[英]Problems to read german csv file in python
I am having a german csv file, which I want to read with pd.read_csv
.我有一个德国 csv 文件,我想用
pd.read_csv
读取pd.read_csv
。
Data:数据:
The original file looks like this:原始文件如下所示:
So it has two Columns (A,B) and the seperator should be ';'
所以它有两列(A,B),分隔符应该是
';'
, ,
Problem: When I ran the command:问题:当我运行命令时:
dataset = pd.read_csv('C:/Users/.../GermanNews/articles.csv',
encoding='utf-8', header=None, sep=';')
I get the error: ParserError: Error tokenizing data. C error: Expected 2 fields in line 3, saw 3
我收到错误:
ParserError: Error tokenizing data. C error: Expected 2 fields in line 3, saw 3
ParserError: Error tokenizing data. C error: Expected 2 fields in line 3, saw 3
Half-Solution: I understand this could have several reasons, but when I ran the command:半解决方案:我知道这可能有几个原因,但是当我运行命令时:
dataset = pd.read_csv('C:/Users/.../GermanNews/articles.csv',
encoding='utf-8', header=None, sep='delimiter')
I get the following dataset back:我得到以下数据集:
0
0 Etat;Die ARD-Tochter Degeto hat sich verpflich...
1 Etat;App sei nicht so angenommen worden wie ge...
2 Etat;'Zum Welttag der Suizidprävention ist es ...
3 Etat;Mitarbeiter überreichten Eigentümervertre...
4 Etat;Service: Jobwechsel in der Kommunikations...

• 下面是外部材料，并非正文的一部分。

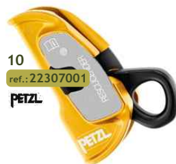
10 ref.: 22307001 PETZL

so I only get one column instead of the two desired columns,所以我只得到一列而不是两列所需的列,
Target: any idea how to load the dataset correctly that I have:目标:知道如何正确加载我拥有的数据集:
0 1
0 Etat Die ARD-Tochter Degeto hat sich verpflich...
1 Etat App sei nicht so angenommen worden wie ge...
Hints/Tries:提示/尝试:
When I run the search function over my data in excel, I am also not finding any ;
当我在 excel 中对我的数据运行搜索功能时,我也没有找到任何
;
in it.在里面。
It seems like that some lines have more then two columns (as you can see for example in line 3 and 13 of my example似乎有些行有两列以上(例如,您可以在我的示例的第 3 行和第 13 行中看到
Skim through your texts carefully.仔细浏览你的文章。 If you find no leads, follow the below solution.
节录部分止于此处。